## DATA FOR ANALYSIS
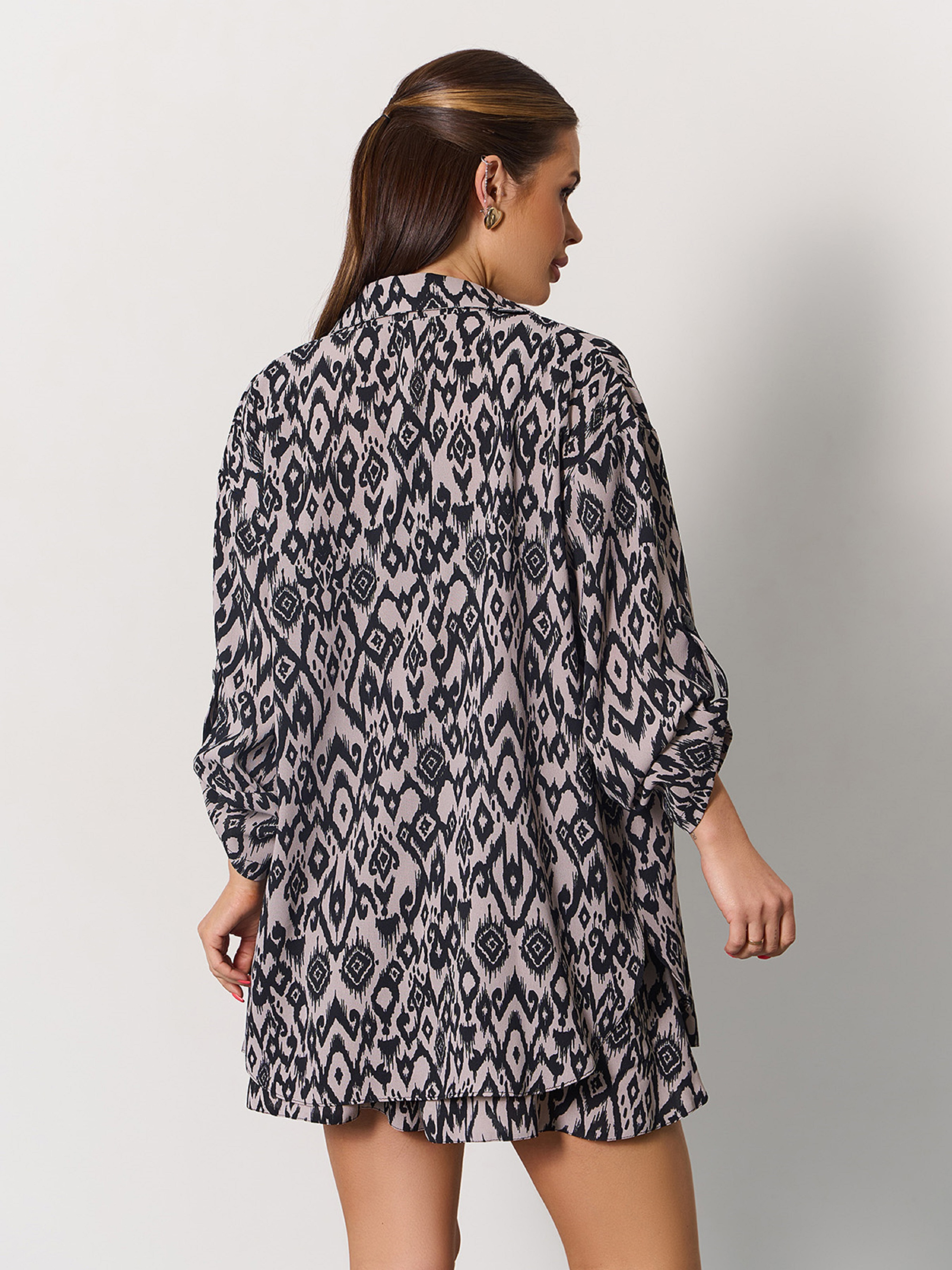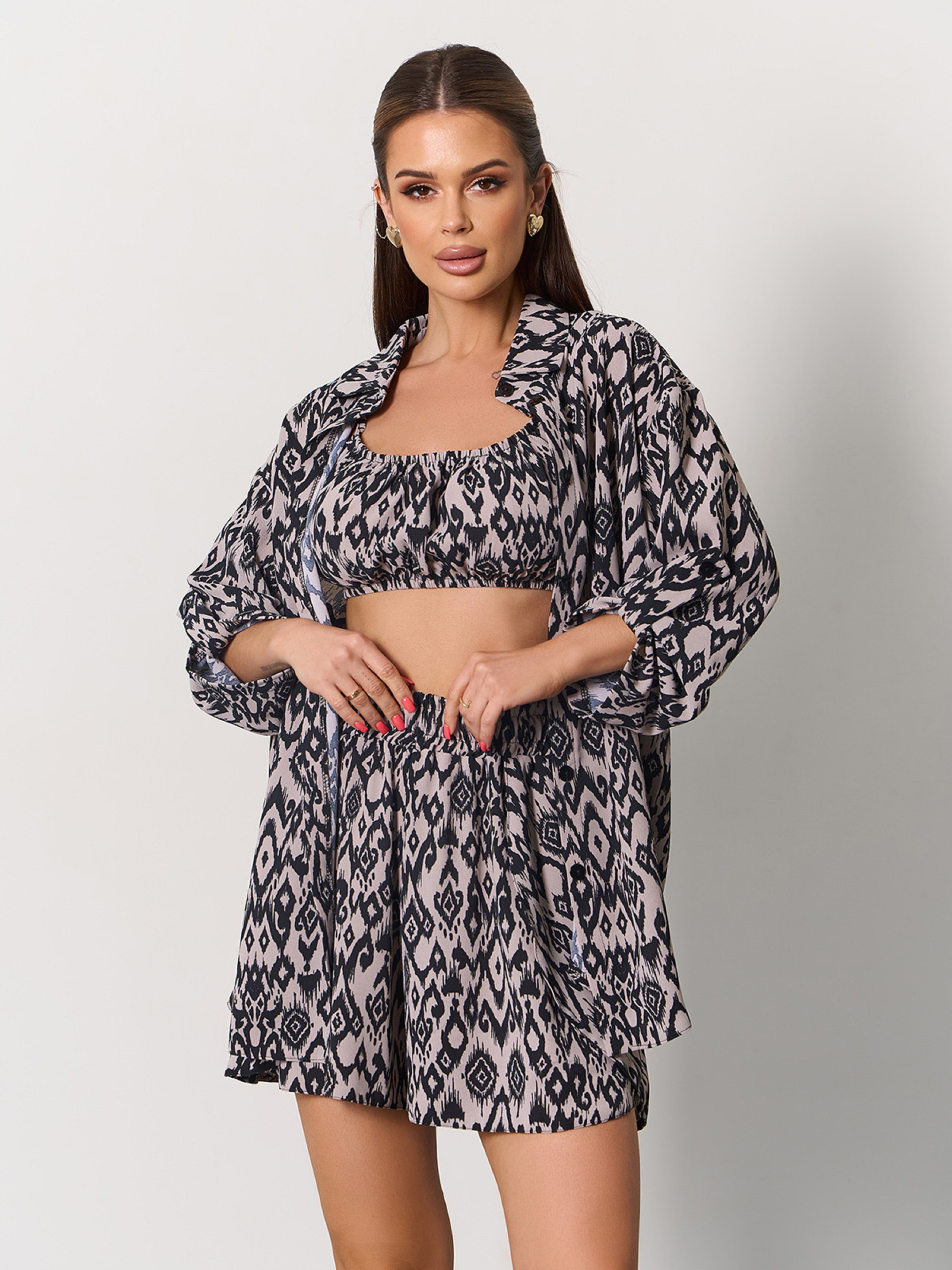 Молодіжний костюм трійка із чорно-бежевого льону з орнаментом. Вільна сорочка на ґудзиках з коміром та рукавами на хлястиках. Топ бандо з тонкими зав'язками та еластичною жаткою на спинці. Короткі шорти кльош з поясною гумкою та бічними вставками з нахлестом. Напівобхват: Сорочка: Груди: S (54), M (57), L (58), XL (60); Довжина виробу - 71; Рукав - 46. Топ: Груди: S (38-51), M (39-53), L (39-55), XL (44-54); Довжина виробу - 18. Шорти: Талія: S (29-47), M (30-48), L (31-51), XL (38-48); Стегна: S (57), M (60), L (63), XL (68); Довжина виробу - 39. Тканина: Низької еластичності. Склад: 65% льон, 20% бавовна, 15% поліестер
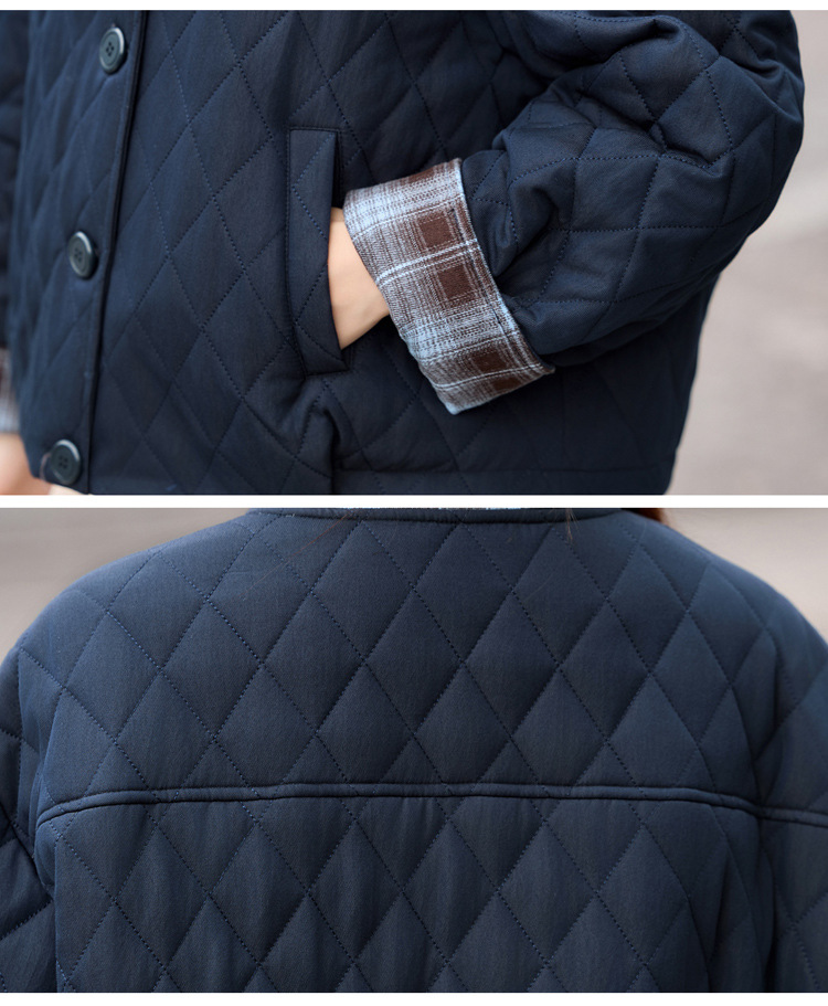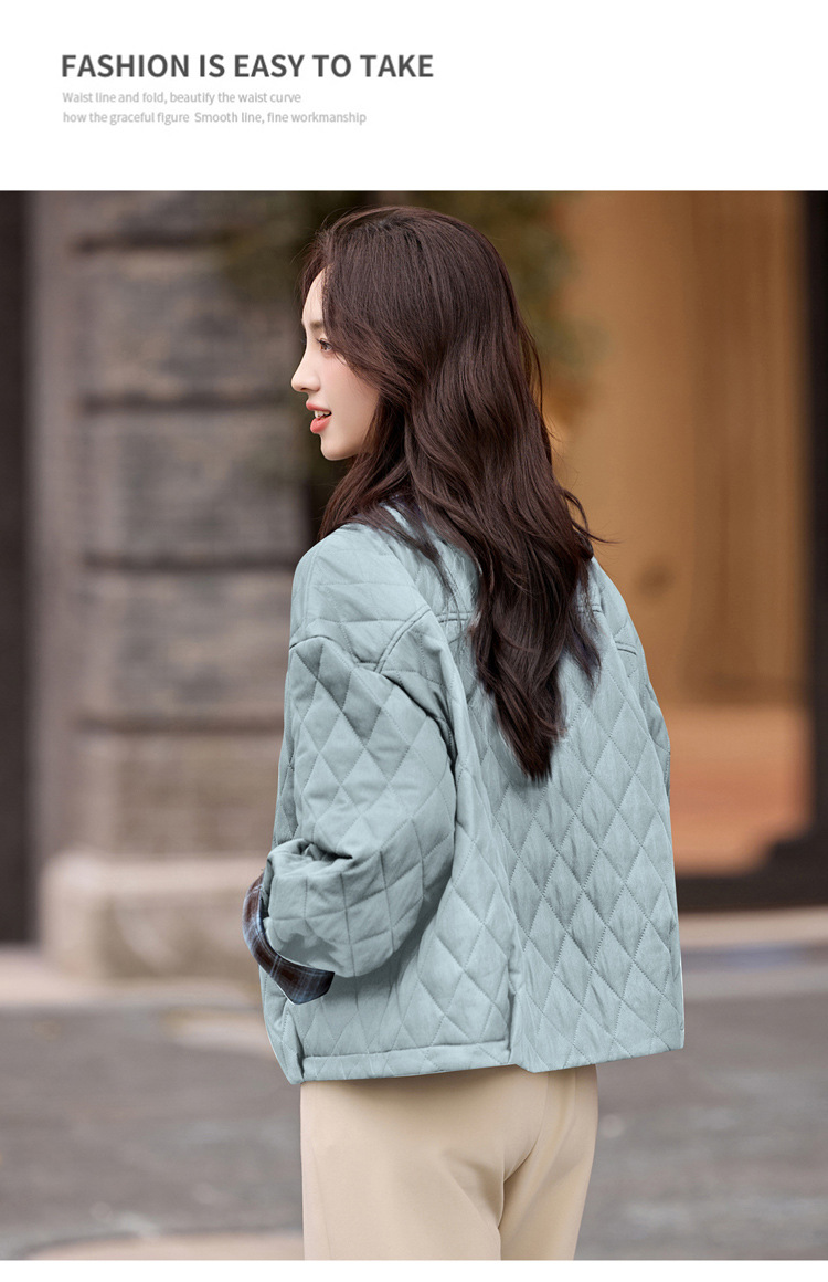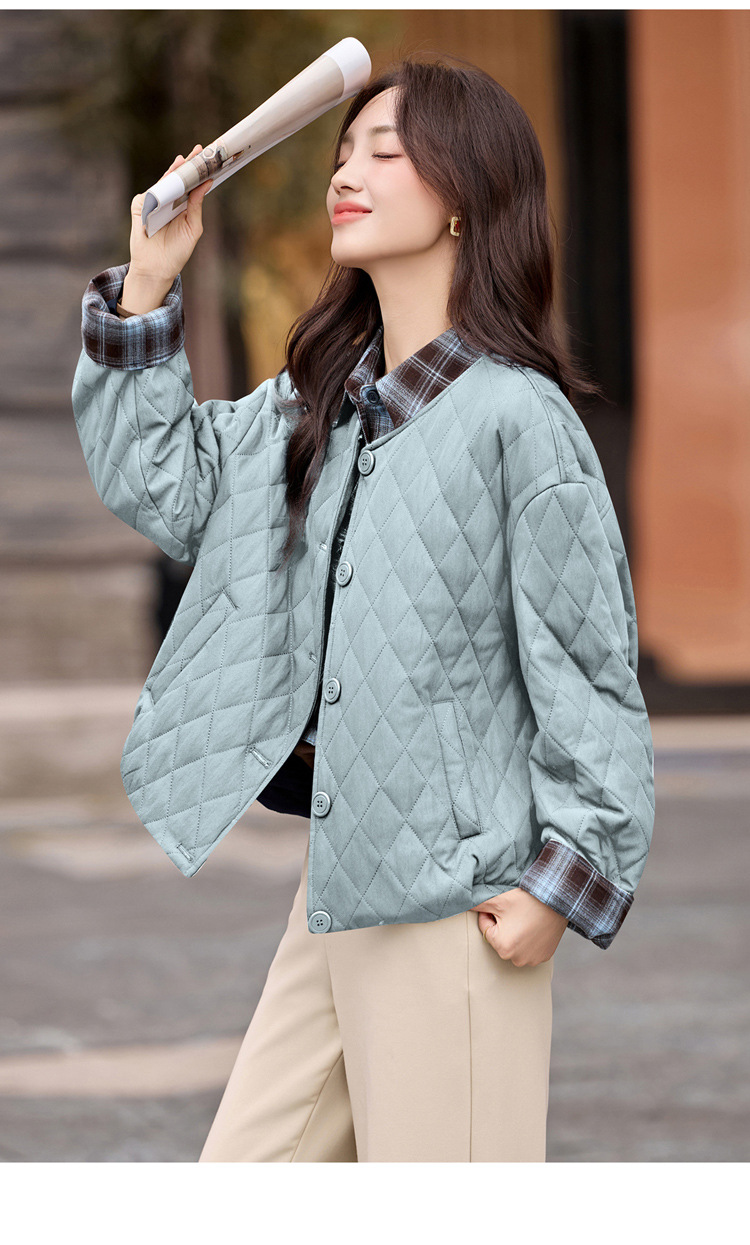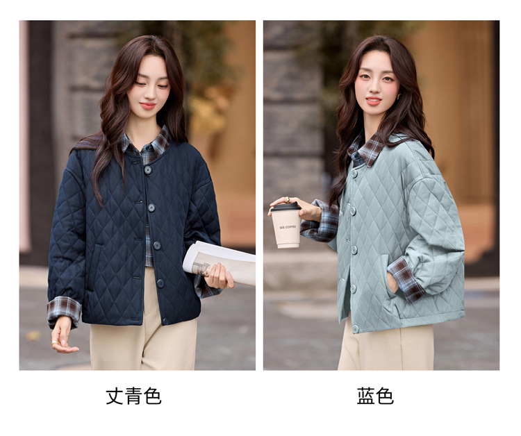 雀说格子领菱格轻薄棉服夹棉外套女短款新款小个子拼接棉衣AL25113 商品图4
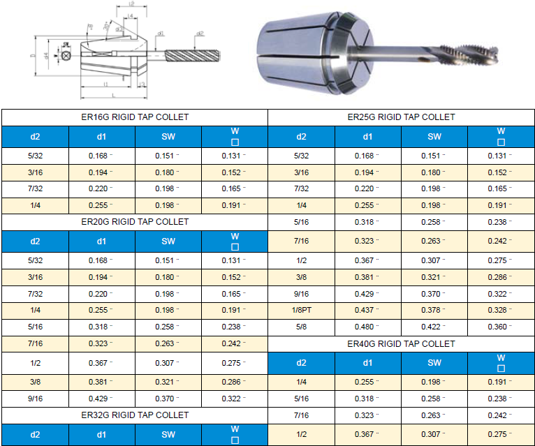 CD01-0006 ERG型攻牙筒夹 英制规格
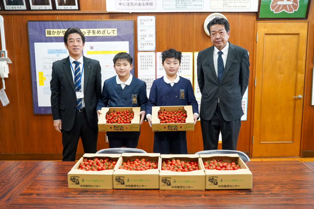 2月18日には、ミニトマトの贈呈式を玉名市立玉名町小学校で開きました。JA園芸部連絡協議会ミニトマト専門部の宮津拓次部会長が「私たちが大切に育てたミニトマトを食べてほしい」と手渡しました。児童代表の村上秀仁さんと宮尾結人さんは「たくさんのミニトマトをありがとうございます。トマトには生活習慣病の予防になるリコピンが含まれているとネットで調べて分かった。いっぱい食べて丈夫で健康な体を作りたい」と話しました。
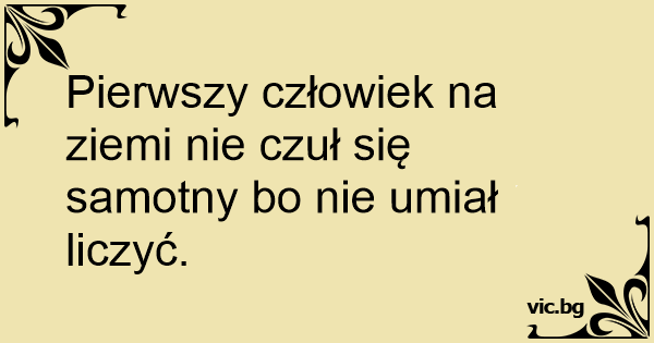 Pierwszy człowiek na ziemi nie czuł się samotny bo nie umiał liczyć.

## AIM OF THE EXERCISE
Repeat each of the entries above exactly, but do not carry over the pictures.

## RESPONSE
 Молодіжний костюм трійка із чорно-бежевого льону з орнаментом. Вільна сорочка на ґудзиках з коміром та рукавами на хлястиках. Топ бандо з тонкими зав'язками та еластичною жаткою на спинці. Короткі шорти кльош з поясною гумкою та бічними вставками з нахлестом. Напівобхват: Сорочка: Груди: S (54), M (57), L (58), XL (60); Довжина виробу - 71; Рукав - 46. Топ: Груди: S (38-51), M (39-53), L (39-55), XL (44-54); Довжина виробу - 18. Шорти: Талія: S (29-47), M (30-48), L (31-51), XL (38-48); Стегна: S (57), M (60), L (63), XL (68); Довжина виробу - 39. Тканина: Низької еластичності. Склад: 65% льон, 20% бавовна, 15% поліестер
 雀说格子领菱格轻薄棉服夹棉外套女短款新款小个子拼接棉衣AL25113 商品图4
 CD01-0006 ERG型攻牙筒夹 英制规格
 2月18日には、ミニトマトの贈呈式を玉名市立玉名町小学校で開きました。JA園芸部連絡協議会ミニトマト専門部の宮津拓次部会長が「私たちが大切に育てたミニトマトを食べてほしい」と手渡しました。児童代表の村上秀仁さんと宮尾結人さんは「たくさんのミニトマトをありがとうございます。トマトには生活習慣病の予防になるリコピンが含まれているとネットで調べて分かった。いっぱい食べて丈夫で健康な体を作りたい」と話しました。
 Pierwszy człowiek na ziemi nie czuł się samotny bo nie umiał liczyć.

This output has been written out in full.